Now, most people will say that their dogs will help them to survive in the apocalypse. That the dog can help them hunt, warn them when there are zombies or other people are around, and be good companions.

That’s not exactly true. Most normal dogs won’t be much use as hunters. They can find and kill for food if they are desperate, but it will not be likely that a normal dog will be able to chase down and bring you back a rabbit or squirrel. Especially if they are not trained to do this, they will be of no use when it comes to hunting.

As far as being a good companion goes, that may be true. However, you come back to the issue of taking care of an animal and having another mouth to feed and another life to worry about. If a dog is desperate, it would find it’s own food but it wouldn’t be the dogs first instinct though. They would rely firstly on the owner to provide for them and resort to begging and whining before they finally decide to give up and take finding food upon themselves.

This could cause problems for the owner. First, of course, the noise of a begging and whining could attract the attention of the undead as well as other predators (like bears, cougars, etc.). The noise factor of having a dog around is probably the biggest problem. Unless the dog is highly trained, it will be unpredictable. If it’s not whining for food, it may get excited about something and bark.

Barking echoes and can be heard from far distances. Anyone who has dogs or neighbors with dogs knows this. It’s loud and will be like an alarm announcing your position to anyone, or anything, that is listening.

Now if you are the owner of a very well trained dog, one that’s been trained for hunting, police assistance, or assisting a disabled owner, these problems may be less. These dogs are generally trained to be resourceful, incredibly obedient, and quiet unless promoted. If you have one of these dogs, you can decide for yourself whether the animal would be enough help to make them worth keeping around.
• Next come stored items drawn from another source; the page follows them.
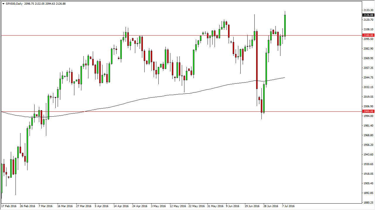 The S&P 500 took off to the upside during the course of the session on Friday in reaction to the stronger than anticipated jobs number. This should continue to be a bullish market in my estimation, because we have been so bullish previously, and now that we have a stronger jobs number, it makes sense that people will be willing to go long of this market. On top of that, now that we have made a fresh, new high at one point during the day, it shows that we are starting to break through a significant amount of resistance. I believe now that the 2100 level below should be a supportive level, and as a result I believe it is essentially the “floor.” I have no interest in selling, and I believe also that we are starting to reach into a “buy-and-hold” type of market.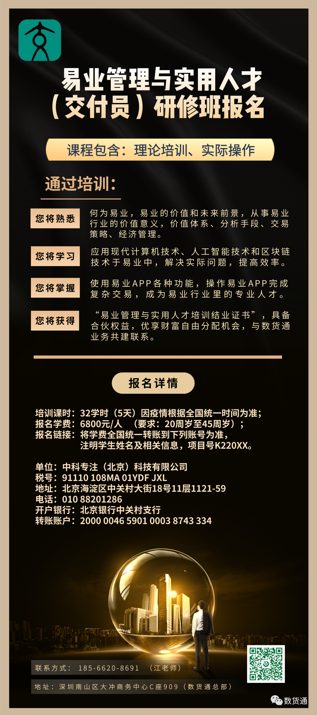 理论培训:货币理论和商品流通,易货贸易的历史及特性,易业系统中的商品交换与价值评估,定价机制及反向定价法,与易货有关的会计学与税务法,信息技术伦理学,易货贸易管理与经济分析,交易策略和做市商制度,大数据分析及应用,人工智能在商品交易中的应用,区块链技术与商品流通;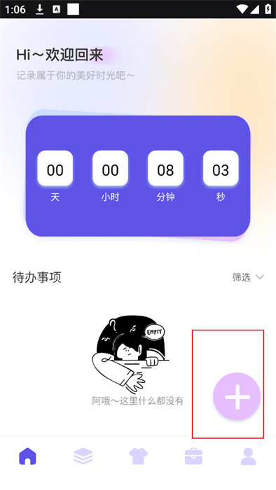 2、从首页中的右下角点击加号,这样能够自动跳转记录的页面,这里需要将标题和日期都清晰记录;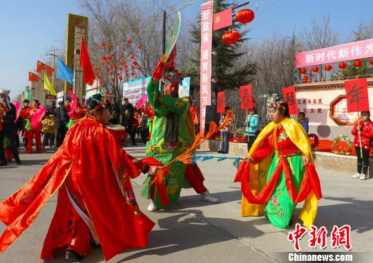 中新網(wǎng)蘭州1月28日電 (侯志雄 高展)“小時(shí)候過(guò)年耍社火,全村人都參與。我第一次‘跑社火’才十幾歲,什么也不懂,就舉著燈籠跟著社火隊(duì)跑了一天,結(jié)束后換了根麻花拿回家,心里美滋滋的。”甘肅省慶陽(yáng)市西峰區(qū)肖金鎮(zhèn)肖金村七旬老人晉德龍如今繼續(xù)活躍在當(dāng)?shù)厣缁鹞枧_(tái)上,兒時(shí)的表演記憶伴隨著“很濃的年味兒”。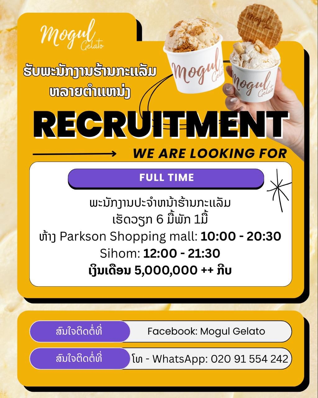 ພະນັກງານຂາຍກະແລ້ມ Full Time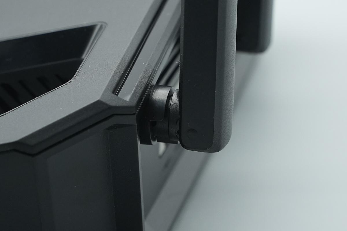 路由器机身后方设有天线,机身左右两侧为镂空设计,提升散热能力。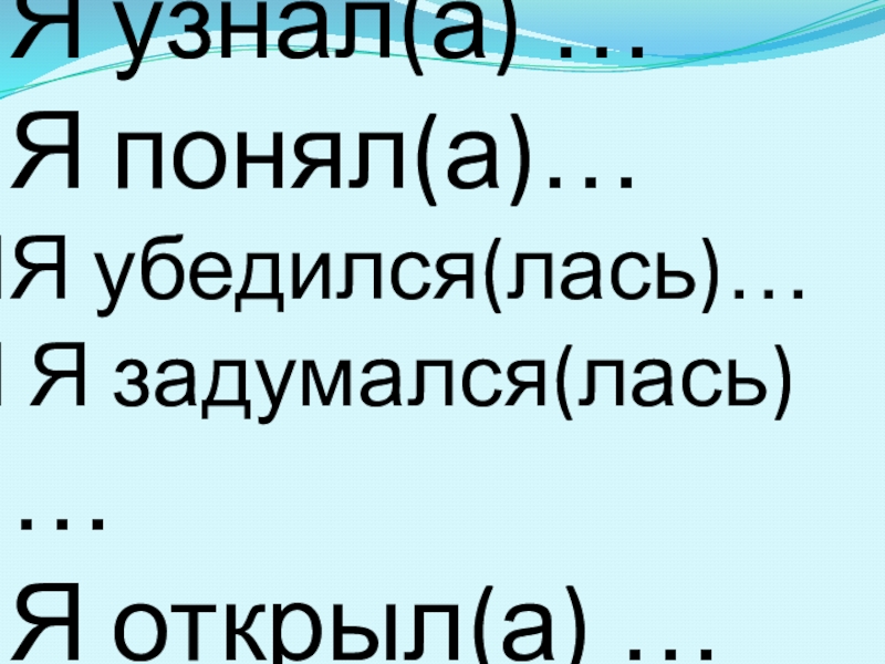 Я узнал(а) …Я понял(а)…Я убедился(лась)… Я задумался(лась) …Я открыл(а) …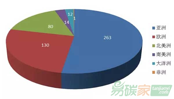 圖6  2015全球新能源企業(yè)500強各大洲入選企業(yè)數(shù)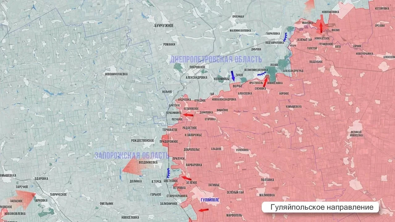 Особого внимания заслуживает Гуляйпольское направление. Здесь российские подразделения заняли ряд стратегически важных позиций у Староукраинки. Развивая успех, наши штурмовые группы выходят к южным окраинам Цветкового и поджимают противника с севера у Зализничного.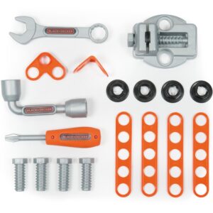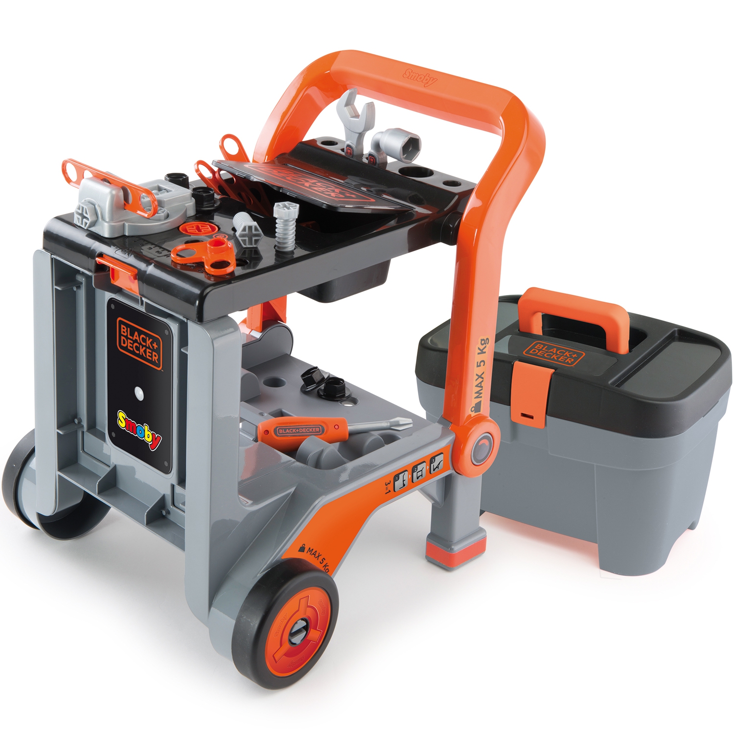 Panipaigaga teisaldatavat lauaplaati saab seada 3 asendisse. Komplekti kuulub: – kahel rattal käru, – tööriistakohver, – 18 tarvikut: mutrivõti, kruustang, pesavõti, kruvikeeraja, kruvid ja palju muud. Vanus: alates 3 eluaastast. Kaal: 2 kg. Isemonteeriv komplekt.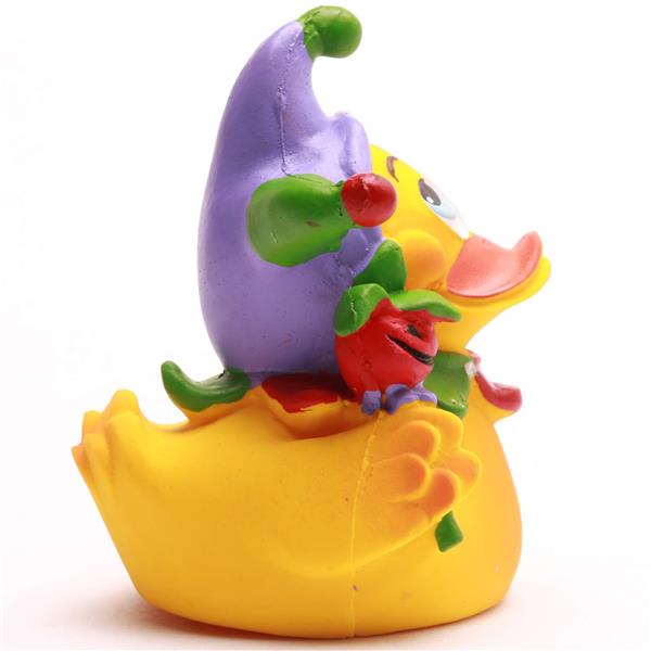 Diese Badeente bringt ordentlich Spaß in die Wanne – und das im wahrsten Sinne des Wortes! Die Harlekin Badeente ist der bunte Narr unter den Quietscheentchen und sorgt mit ihrem fröhlich-verschmitzten Blick garantiert für gute Laune. Mit ihrer auffälligen Narrenkappe in Lila, Grün und Rot sowie dem frechen Mini-Zepter in der Hand ist sie der heimliche Star in jedem Badezimmertheater.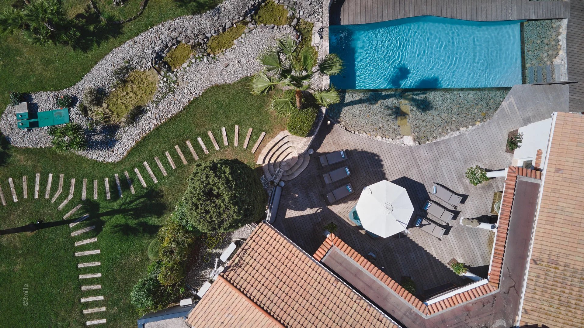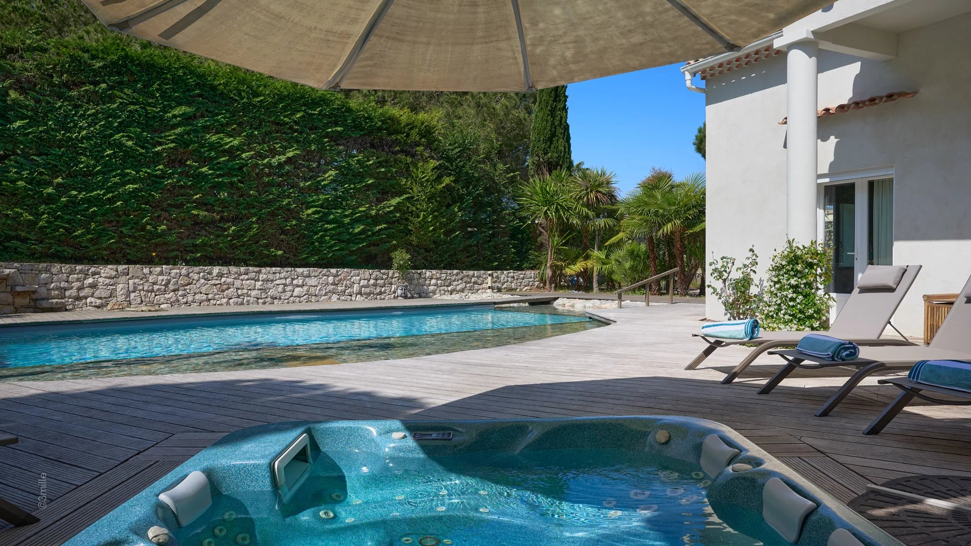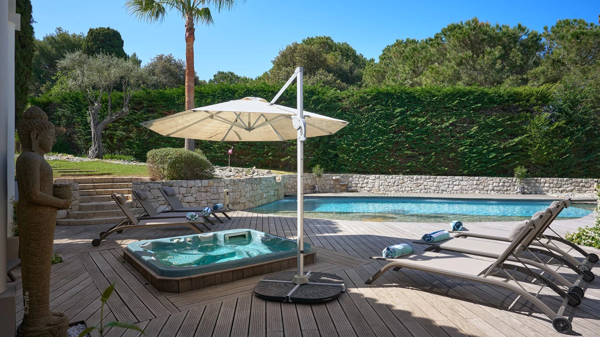 This has been built with natural stones and rocks with a stream, waterfall and a jacuzzi

As for cat owners, they’ll be much more difficult to bring along. Most cats don’t have any training and would never be able to sit still in a bag or follow besides their owner. Indoor cats would be quite terrified of everything and they would want to return to what they’re familiar with. But they are curious creatures and eventually they’ll adjust and want to explore the outdoors. However, there’s not much one can do with a cat. They are very quiet, quieter than dogs and independent (but not always, some are quite attach to their owners).

It’s probably best to leave them behind. They’ll be safer if they were left at home, in an environment that they know well. Fill any and all buckets, pans, sinks, and cups with water and leave them lying around. Grab all the bowls and fill them with bags of cat food and make sure to leave the windows slightly open so that they may leave if they need to.

It would be cruel to leave them trap in the house or building, more so if it’s summer (even worst when it becomes full of urine and feces matter). It would also help to store all the food and water in a room and create another room for them to go to do their business. So grab a bunch of litter and a giant box or boxes and fill them with litter so that it would last them a while.

Or if you have a backyard (with dirt/garden/grass) and it’s surround by a fence, leave the door slightly opened (with concrete blocks keeping it from being left wide opened or a chain lock). In doing so, it would help to keep out the harsh elements like snow, rain and freezing wind from entering the house and hopefully any random zombie that manages to get into the yard. If not a door, keep an open window that they can use to leave and return inside when they want. Just make sure they have easy access to it, like steps or boxes that they can jump or climb on in order to get out and get back in. It should at least help to give them a chance to survive and it’ll give you a peace of mind that you tried to make them comfortable and safe.

Overall, what I’ve learned from this hypothetical question is that pet owners definitely need to consider what they’ll do with their pets. Many people make plans for what they’ll do to survive in an apocalypse, but if they love their pets, they should also make a plan for them.